OK, let's take a little time to explore what is really the issue here.
First off, as others have pointed out, it is good practice to set a pointer variable, in your case
value
to NULL when you "free up" some allocated memory, using either
free()
or
delete
as appropriate. In other languages (like C#) the variable would be more properly called the "referencer" but in C/C++ it is the "pointer" variable.
However, as others have pointed out, you have really created a second copy of the "pointer" when you added
value
to the
vector
, so now you have two variables, each pointing to the same memory location. There is no magic on this planet that will run around and look at all the variables you have and set them to NULL if they point to some block of memory being "freed up". You have to do that yourself.
Now you do, in fact, follow this good practice when you use
delete
on the
list[i]
element and immediately set the pointer to NULL. So you are on the right track.

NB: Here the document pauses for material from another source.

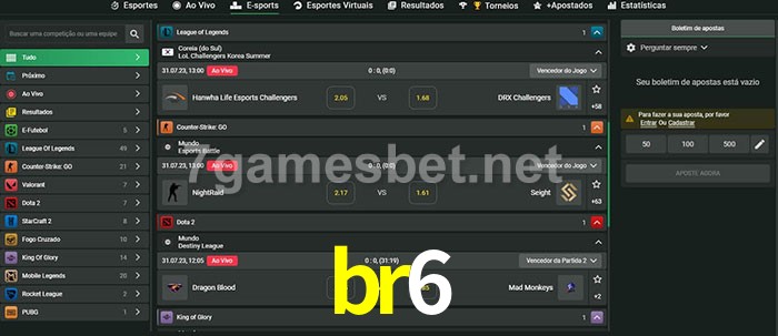 A aposta br6 oferece aos jogadores a experiência mais conveniente de apostas em eSports!

This brings up the issue of "ownership". Usually, having multiple pointers to the same allocated memory block is a bad idea. Oh, I can see times when that's useful but it has confused you in this usage. Once you added the value of
value
to the vector, you "gave up ownership" of that allocated memory to the vector. A fact that you recognize because you are doing the actual "freeing up" of that memory by referencing it through
list
.
What is another good practice is to also NULL out a pointer when you yield "ownership" to another variable / place. In this instance, if you really did not want a lingering pointer to the memory left in
value
, you should set it to NULL after adding it to the vector. In other words, once you added it to vector,
value
no longer "owns" what happens to that memory and at that point, to avoid future problems, you should have set the contents to NULL.
list.push_back(value);
value = NULL;
This "giving up of ownership" is demonstrated quite nicely in the earlier part of your code where you use a single pointer,
a
inside a loop to allocate 10 different memory blocks. Clearly each time through the loop you overwrite (some would say "clobber")
a
with the next allocation but, fortunately for you, you created another copy of the pointer by placing it in the vector.